Exercise directions — For the entries that appear below, write out the exact text and omit the pictures.
┌──
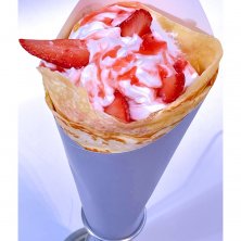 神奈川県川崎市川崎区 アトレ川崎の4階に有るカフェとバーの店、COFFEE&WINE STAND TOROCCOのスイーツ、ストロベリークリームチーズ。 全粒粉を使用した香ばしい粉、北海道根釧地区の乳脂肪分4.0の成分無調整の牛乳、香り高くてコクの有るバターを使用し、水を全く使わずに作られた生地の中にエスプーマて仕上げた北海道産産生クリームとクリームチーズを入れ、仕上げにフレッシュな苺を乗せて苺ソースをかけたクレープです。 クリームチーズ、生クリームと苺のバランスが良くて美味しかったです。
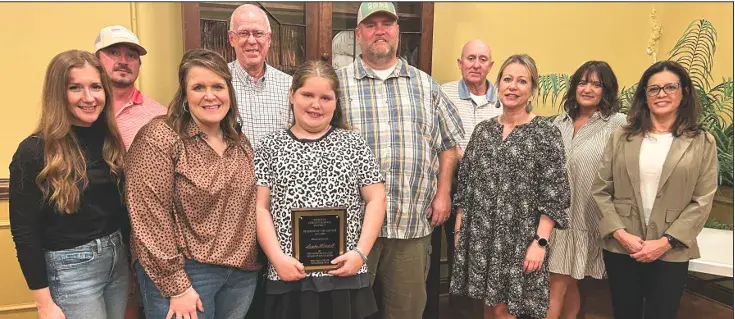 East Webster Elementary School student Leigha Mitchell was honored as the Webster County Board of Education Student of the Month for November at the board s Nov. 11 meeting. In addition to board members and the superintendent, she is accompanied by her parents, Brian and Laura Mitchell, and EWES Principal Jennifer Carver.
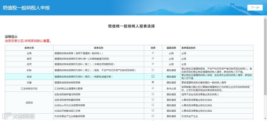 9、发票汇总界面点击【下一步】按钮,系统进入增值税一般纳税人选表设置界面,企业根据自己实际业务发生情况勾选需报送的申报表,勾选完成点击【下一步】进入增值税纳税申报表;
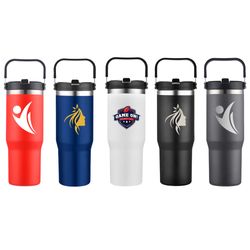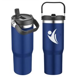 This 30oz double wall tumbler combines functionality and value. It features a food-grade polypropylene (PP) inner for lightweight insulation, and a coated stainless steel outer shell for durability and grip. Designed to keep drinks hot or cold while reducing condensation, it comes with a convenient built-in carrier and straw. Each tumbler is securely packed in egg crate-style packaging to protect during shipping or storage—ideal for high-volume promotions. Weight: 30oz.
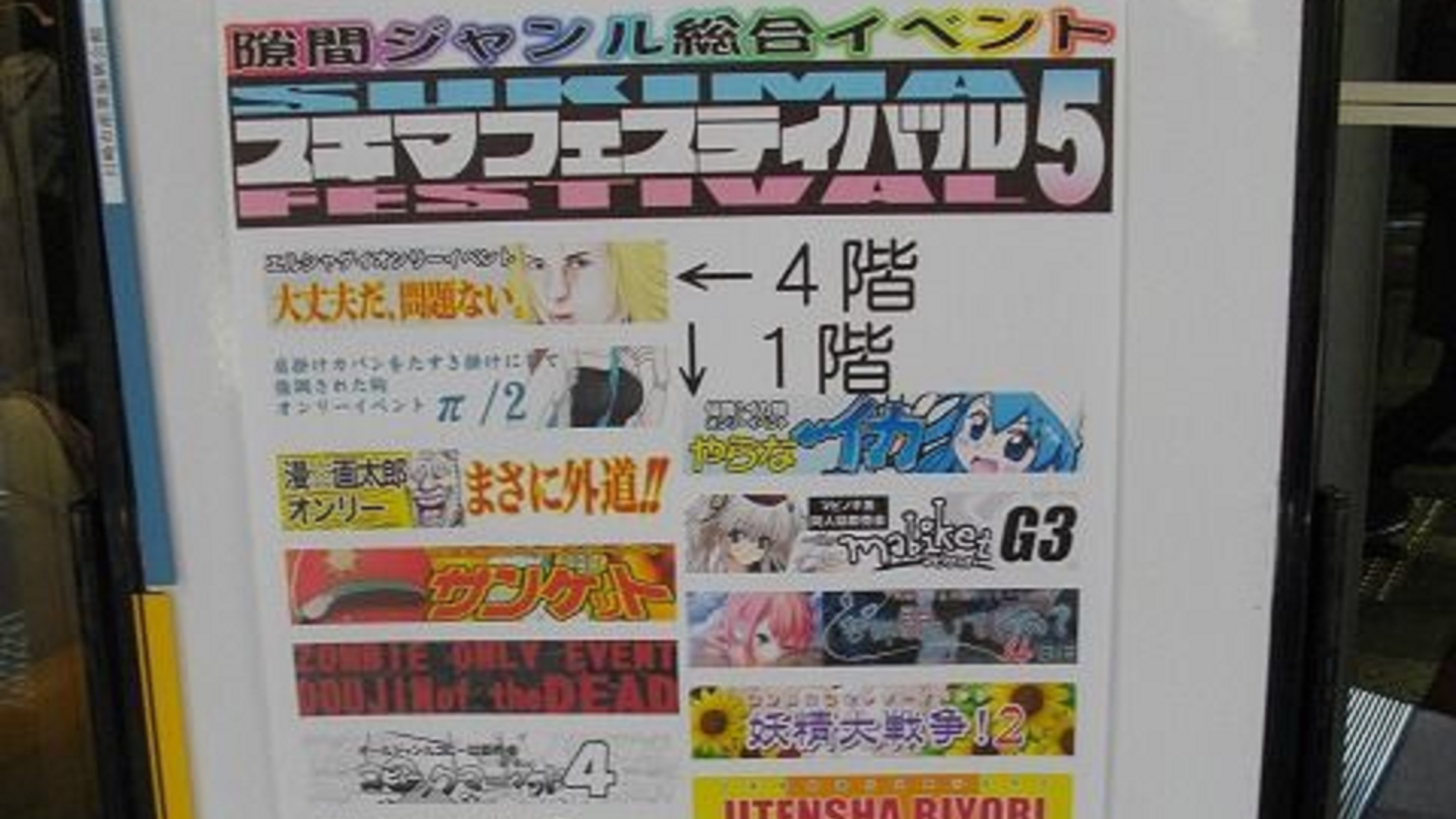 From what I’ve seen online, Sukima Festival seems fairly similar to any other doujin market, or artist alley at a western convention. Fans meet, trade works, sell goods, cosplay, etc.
└──
Written response —
 神奈川県川崎市川崎区 アトレ川崎の4階に有るカフェとバーの店、COFFEE&WINE STAND TOROCCOのスイーツ、ストロベリークリームチーズ。 全粒粉を使用した香ばしい粉、北海道根釧地区の乳脂肪分4.0の成分無調整の牛乳、香り高くてコクの有るバターを使用し、水を全く使わずに作られた生地の中にエスプーマて仕上げた北海道産産生クリームとクリームチーズを入れ、仕上げにフレッシュな苺を乗せて苺ソースをかけたクレープです。 クリームチーズ、生クリームと苺のバランスが良くて美味しかったです。
 East Webster Elementary School student Leigha Mitchell was honored as the Webster County Board of Education Student of the Month for November at the board s Nov. 11 meeting. In addition to board members and the superintendent, she is accompanied by her parents, Brian and Laura Mitchell, and EWES Principal Jennifer Carver.
 9、发票汇总界面点击【下一步】按钮,系统进入增值税一般纳税人选表设置界面,企业根据自己实际业务发生情况勾选需报送的申报表,勾选完成点击【下一步】进入增值税纳税申报表;
 This 30oz double wall tumbler combines functionality and value. It features a food-grade polypropylene (PP) inner for lightweight insulation, and a coated stainless steel outer shell for durability and grip. Designed to keep drinks hot or cold while reducing condensation, it comes with a convenient built-in carrier and straw. Each tumbler is securely packed in egg crate-style packaging to protect during shipping or storage—ideal for high-volume promotions. Weight: 30oz.
 From what I’ve seen online, Sukima Festival seems fairly similar to any other doujin market, or artist alley at a western convention. Fans meet, trade works, sell goods, cosplay, etc.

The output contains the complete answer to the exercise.